Central campus Steel Band performs original music from renowned composer

The San Jacinto College Central Campus Steel Band brought to life acclaimed composer Phil Hawkins’ original score, “The Pebbles” Nov. 8 in the Slocomb auditorium.

Central campus music professor Michael Mizma contacted the renowned musician and engineer to compose the music for the concert.

“When I commission composers, it’s because I trust their musical instincts. I put a hundred percent of my trust in them,” Mizma said.

Mizma met Hawkins through a mutual musician friend who went to the same school as Hawkins.

This is not the first collaboration between Hawkins and San Jac. The SJC Central Steel Band performed a concert featuring Hawkins’ music in 2009.

Mizma reached out to Hawkins in January to ask whether he could compose the music for the band’s fall show. Hawkins agreed and began working on it over the summer.

Award-winning choral director and music educator, Michelle Hawkins also contributed to the writing of “The Pebbles.” It was the first time Hawkins and his wife collaborated on a piece.

“I’ve done a lot of vocal arrangement but never composing,” Michelle Hawkins said.

Phil Hawkins said he enjoyed collaborating with his wife on the composition. “It was really fun for us,” he said.

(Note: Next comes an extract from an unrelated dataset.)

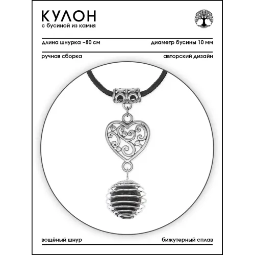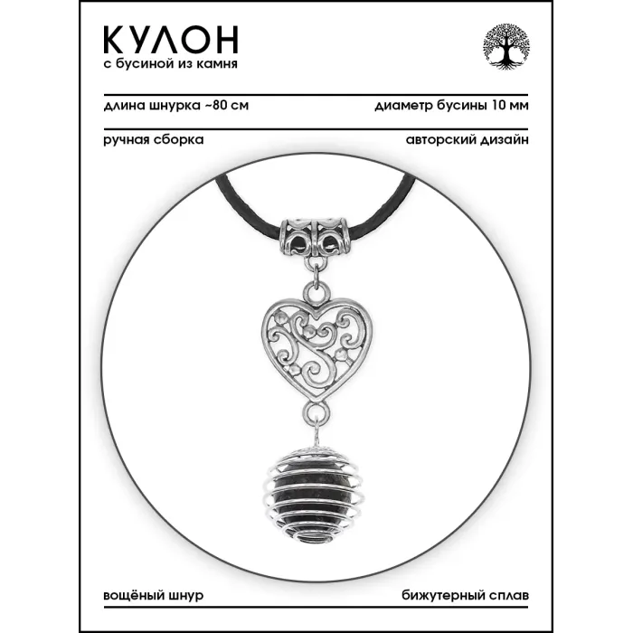 Размеры и комплектация: Диаметр бусины 10 мм. Комплектуется вощёным шнурком длиной около 80 см. Упаковка — прозрачный пакет.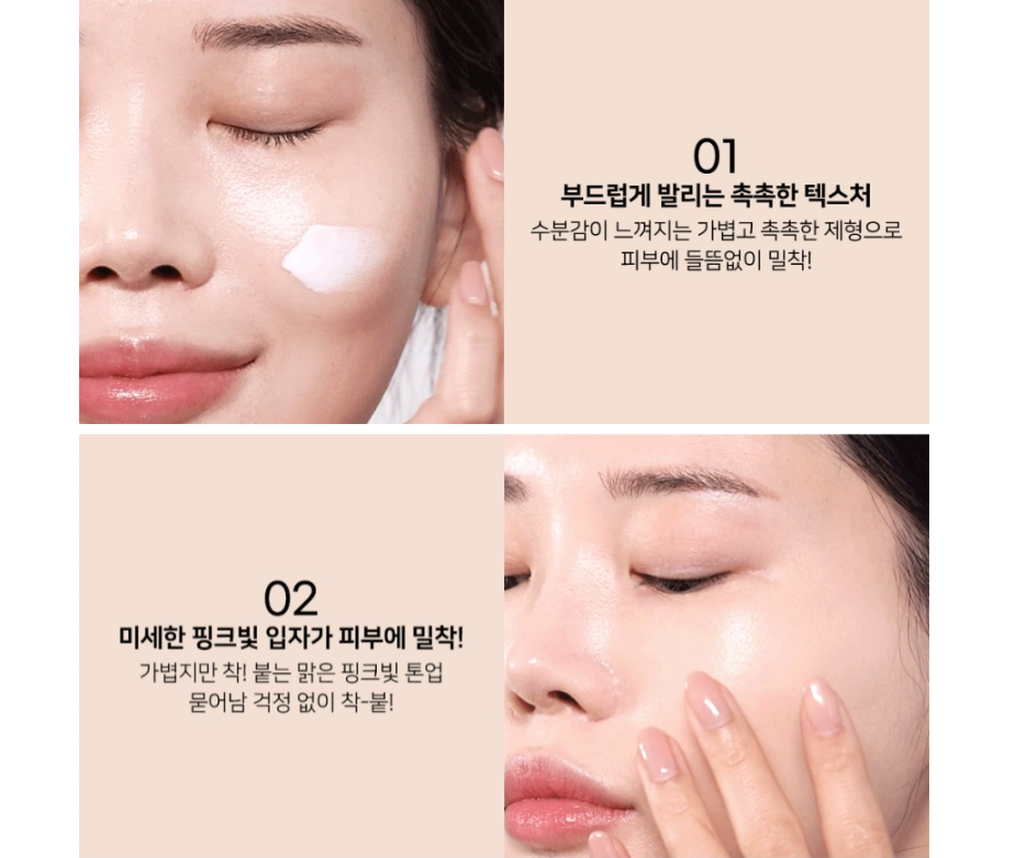 The light yet clear pink tone-up effect brightens the skin instantly while ensuring a natural, long-lasting adherence without smudging.

Hawkins said “The Pebbles” is based on his daughter Marcena, a very observant girl who finds beautiful pebbles in a stream and wants to hold on to their beauty. She starts collecting them, but in doing so, she realizes once she taking the pebbles from the stream makes them lose their beauty. They are no longer beautiful pebbles in a stream; they are just pebbles in a bag Phil Hawkins said.

“The more we try to hold on to theses things that are valuable, the less we can enjoy the beauty of it,” he said.

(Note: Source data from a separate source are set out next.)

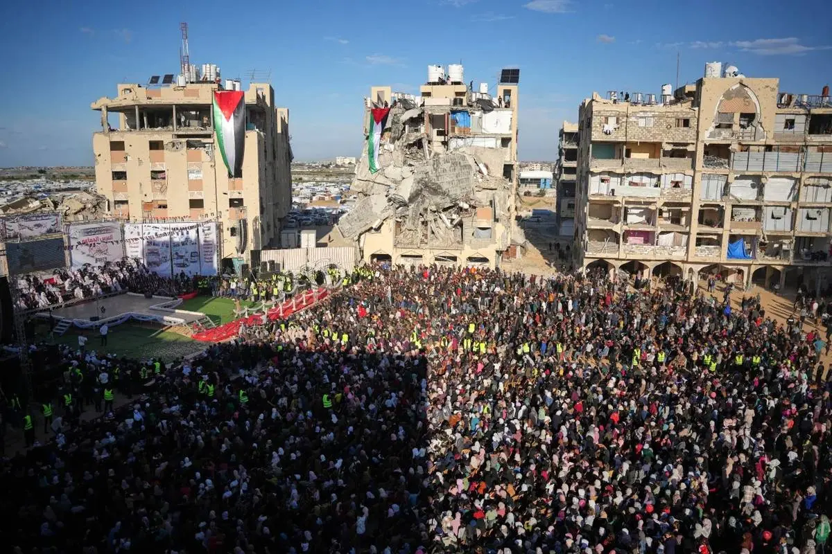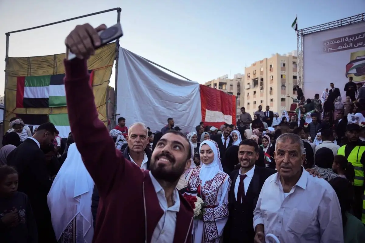 فلسطینیها روز سهشنبه در میان خرابههای جنوب غزه گرد هم آمدند تا ازدواج گروهی بیش از ۵۰ زوج را جشن بگیرند؛ لحظهای نادر از امید پس از دو سال ویرانی، مرگ و درگیری. عروسیها بخش مهمی از فرهنگ فلسطینی هستند، اما در دوران جنگ در غزه به ندرت برگزار میشدند و این سنت تنها پس از آغاز یک آتشبس شکننده، برای برخی زوجها امکان بازگشت پیدا کرده است.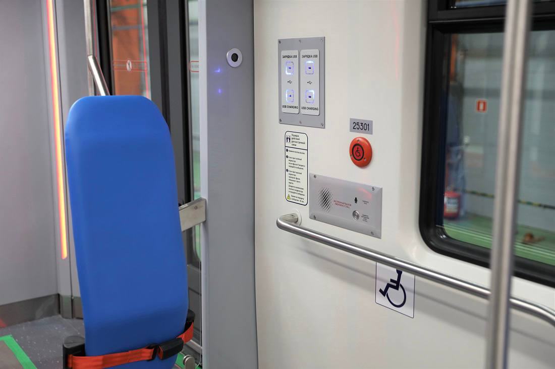 Салон оснащен сплит-системой, ультрафиолетовыми лампами, ЖК-экранами и наддверными ЖК--дисплеями, USB-разъёмами, местами для инвалидов и эргономичными сиденьями. Кабина машиниста оборудована креслом и современным пультом.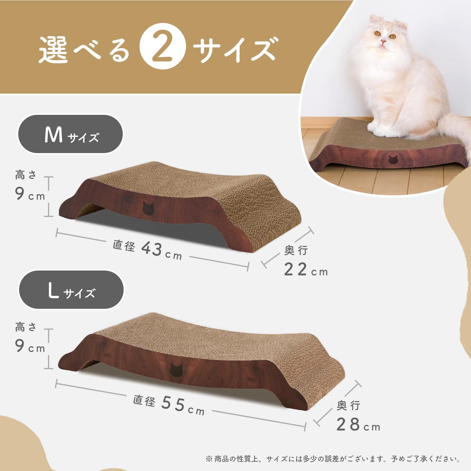 【高密度ダンボールで長持ち】ダンボールは薄いダンボールを貼り合わせています。薄いタイプを使用することで密度が高くなり、猫のとぎ甲斐アップだけでなく、耐久性も持たせています。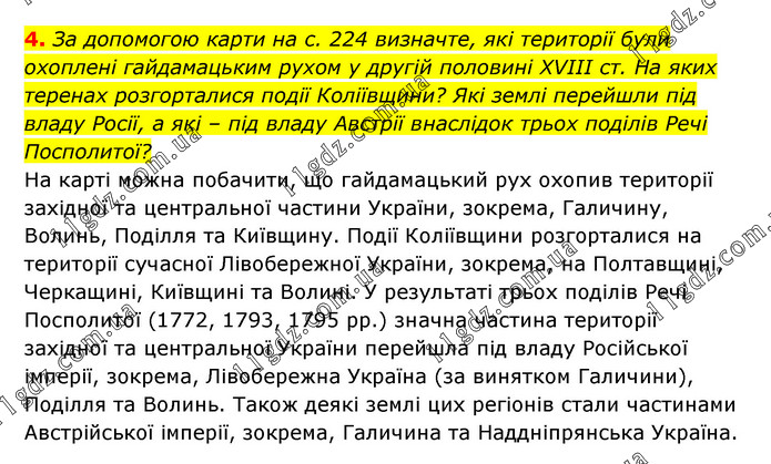 За допомогою карти на с. 224 визначте, які території були охоплені гайдамацьким рухом у другій половині XVIII ст. На яких теренах розгорталися події Коліївщини? Які землі перейшли під владу Росії, а які – під владу Австрії внаслідок трьох поділів Речі Посполитої? На карті можна побачити, що гайдамацький рух охопив території західної та центральної частини України, зокрема, Галичину, Волинь, Поділля та Київщину. Події Коліївщини розгорталися на території сучасної Лівобережної України, зокрема, на Полтавщині, Черкащині, Київщині та Волині. У результаті трьох поділів Речі Посполитої (1772, 1793, 1795 рр.) значна частина території західної та центральної України перейшла під владу Російської імперії, зокрема, Лівобережна Україна (за винятком Галичини), Поділля та Волинь. Також деякі землі цих регіонів стали частинами Австрійської імперії, зокрема, Галичина та Наддніпрянська Україна.

Hawkins said he had that story in his head for the composition before he began writing the music, and set aside time during a trip to Mexico with his family strictly for composing. But, he and his family became very ill, and he could not use that time to work.

“I can’t tell you how this thing got written. I don’t know… a lot happened, and I can’t even tell you how it happened,” Phil Hawkins said.

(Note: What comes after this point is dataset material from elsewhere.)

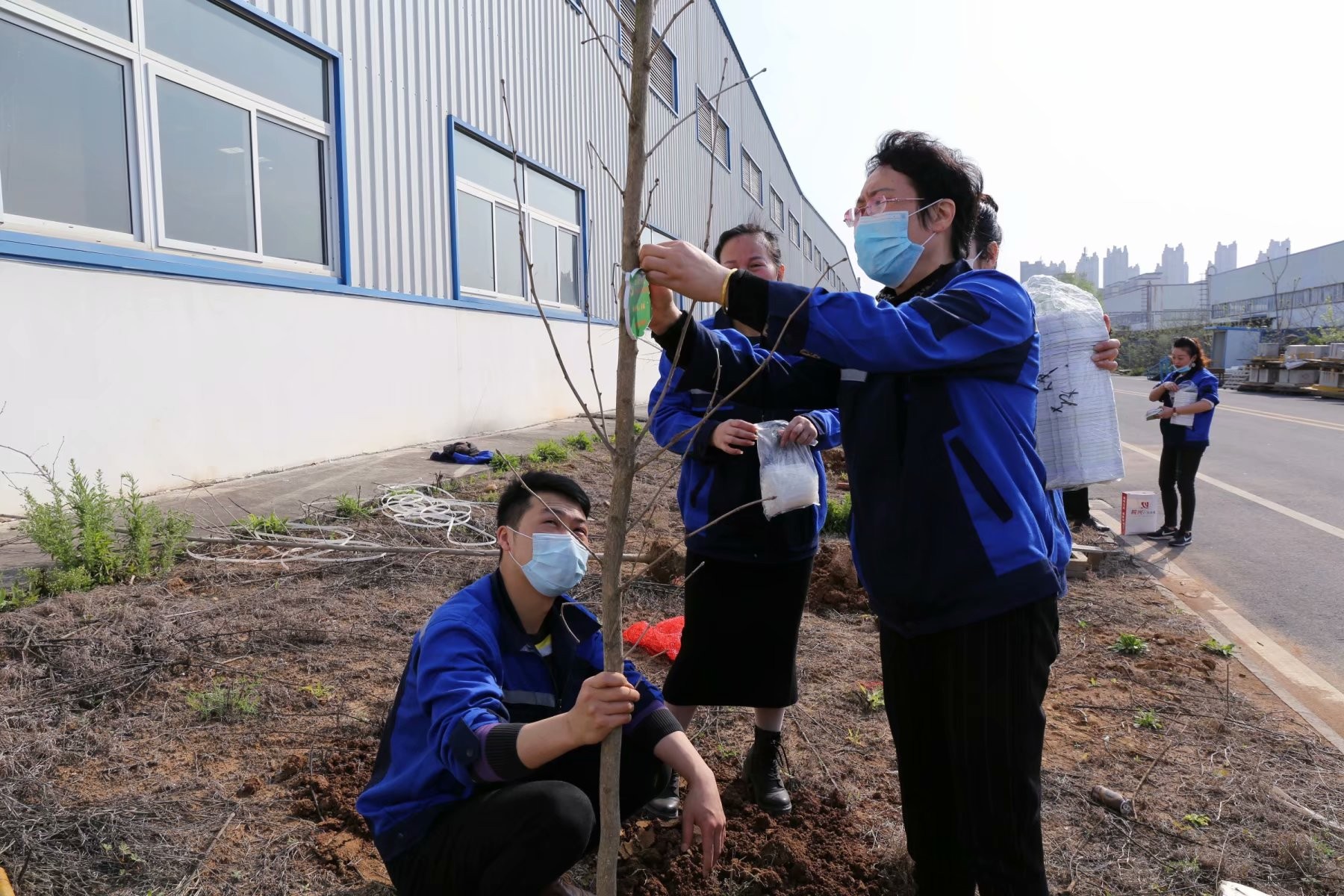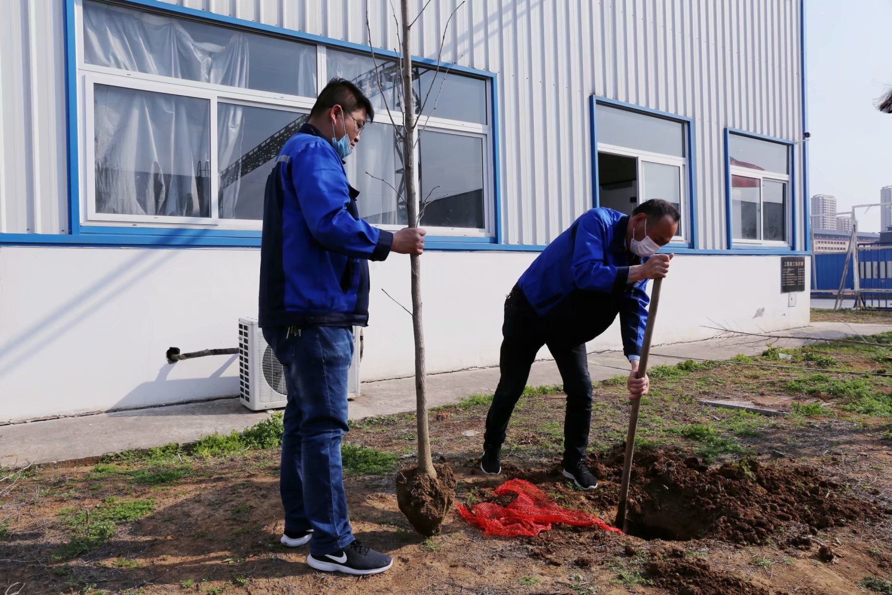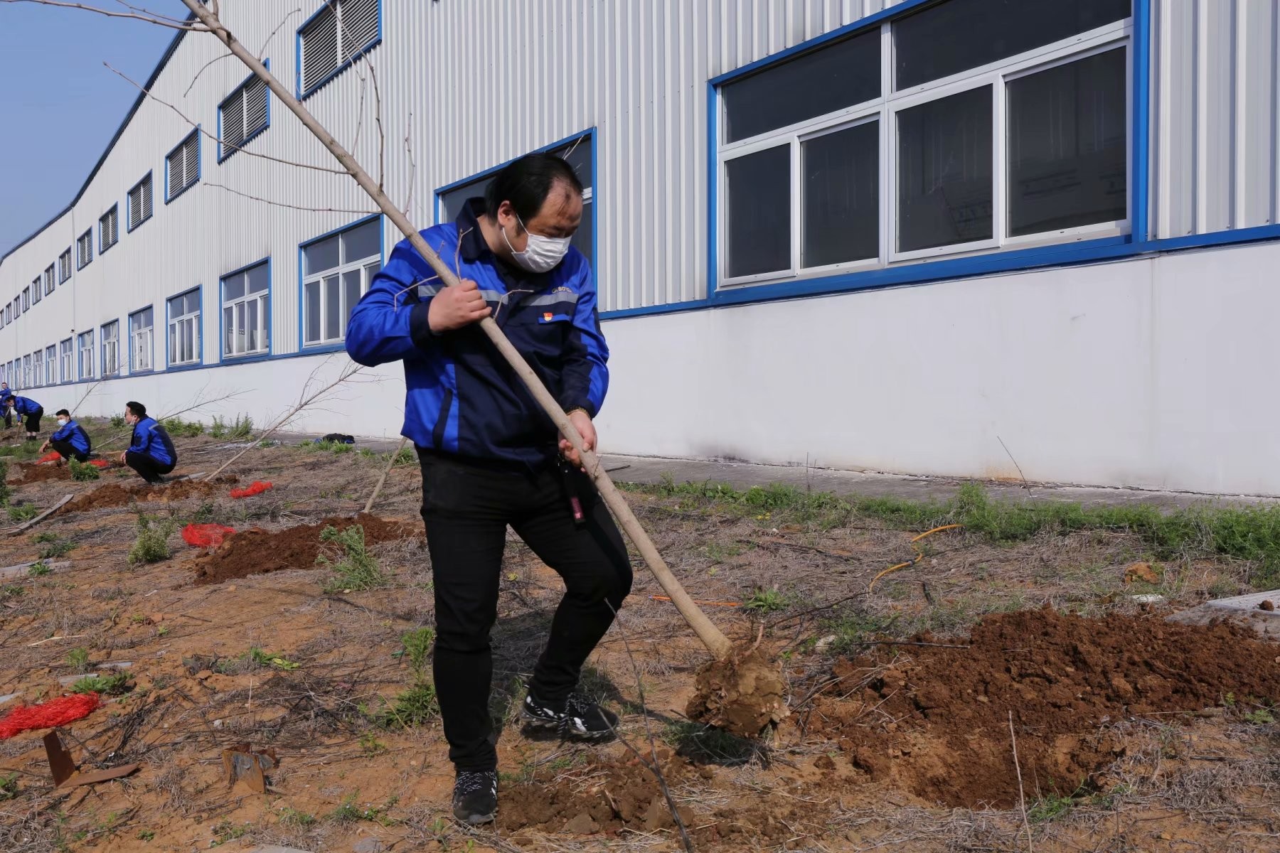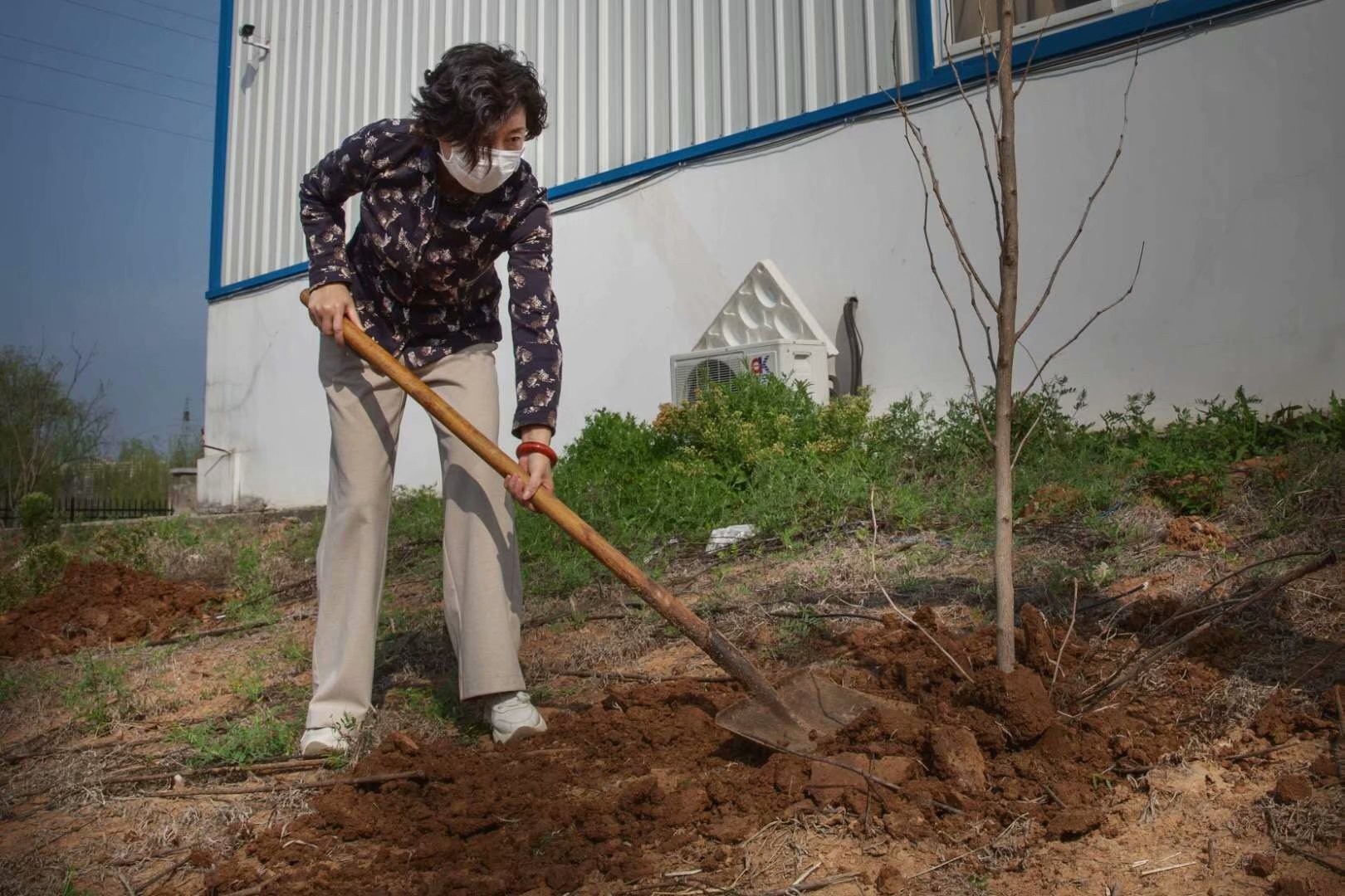 上午九點(diǎn),身著索伊藍(lán)新工裝的黨員們,帶著鐵鍬、摑頭、水桶等植樹工具來到索伊二期。目前由于二期尚在建設(shè)中,綠化沒有規(guī)劃和布局,每到春天,這里雜草叢生,到了秋天,更是枯樹雜枝蔓延,不僅不美觀,而且存在安全隱患。公司黨委委員、機(jī)關(guān)黨支部書記施軍在機(jī)關(guān)黨組織2020年度《服務(wù)計劃書》中提出建議,在志愿服務(wù)活動中開展植樹活動,建立黨員大道。建議一提出,公司黨委認(rèn)為這個合理化建議提的好,而且正值植樹的好時節(jié),從提出建議到實施僅兩天的時間,一方面下發(fā)黨員義務(wù)植樹通知,另一方面購置銀杏樹苗,全體黨員也是積極性高漲,生產(chǎn)黨支部的黨員們今天休息,但一大早就來到了植樹點(diǎn),大家迎著陽光,挖樹坑、放營養(yǎng)肥、插樹苗、培土、澆水,爭先恐后,齊心協(xié)力,有條不紊,整個過程輕松愉快。機(jī)關(guān)黨支部的陣容更為龐大,大家分工明確,相互配合,相互幫助,按專家老師的指導(dǎo)去做,植樹現(xiàn)場不時傳來歡聲笑語。興大黨支部把好的地理位置讓給了別人,選擇二期靠西北角的位置植樹,老黨員冉勝利是個植樹的高手,他說培土是有講究的,而且還要有擋水坡,這樣才能保證樹木有足夠的水分。索伊君瀾大酒店黨支部是去年底剛成立的支部,第一次參加黨員活動,他們非常的興奮,不時地?fù)]動著鐵鍬和鋤頭,認(rèn)真的培土,一棵棵新栽的苗木在陽光下欣欣向榮。原料內(nèi)配黨支部黨員少,但干起活來也非常的賣力,不過,由于他們干的早,走了些彎路,他們竟然把包樹根球的塑料袋也埋進(jìn)樹坑里,一切都搞好了,不符合要求,必須返工重來。黨員鄭彬、孫玉勝、江開勝、傅業(yè)慶由于有會議沖突,不能按時參加,但會議結(jié)束后,依然來到植樹現(xiàn)場,按要求每人種下一棵樹。

To make up for lost time, he said he stayed up late composing every night for weeks. Struggling to write the music, Hawkins said he finally found a rhythm when he stopped judging his own music.

“I let the ideas flow without any filter, no matter how crappy the ideas are; then go back and clean it up,” he said.

Hawkins advised his wife to do the same when writing the choral part of the composition.

“Phil told me to just try to do something and not judge it,” Michelle Hawkins said.

“She took whatever I made, and she made it work,” Phil Hawkins said, “or completely rewrote it in some cases, and I was completely okay with what she would write.”

He said there is a heavy Brazilian influence in his composition and when writing, he wants to connect the story to the music; not just put notes on a page.

“I think people respond most to honesty, more than anything else. I like to write music that I like,” Phil Hawkins said, “I never think of the theory. I just write what I feel.”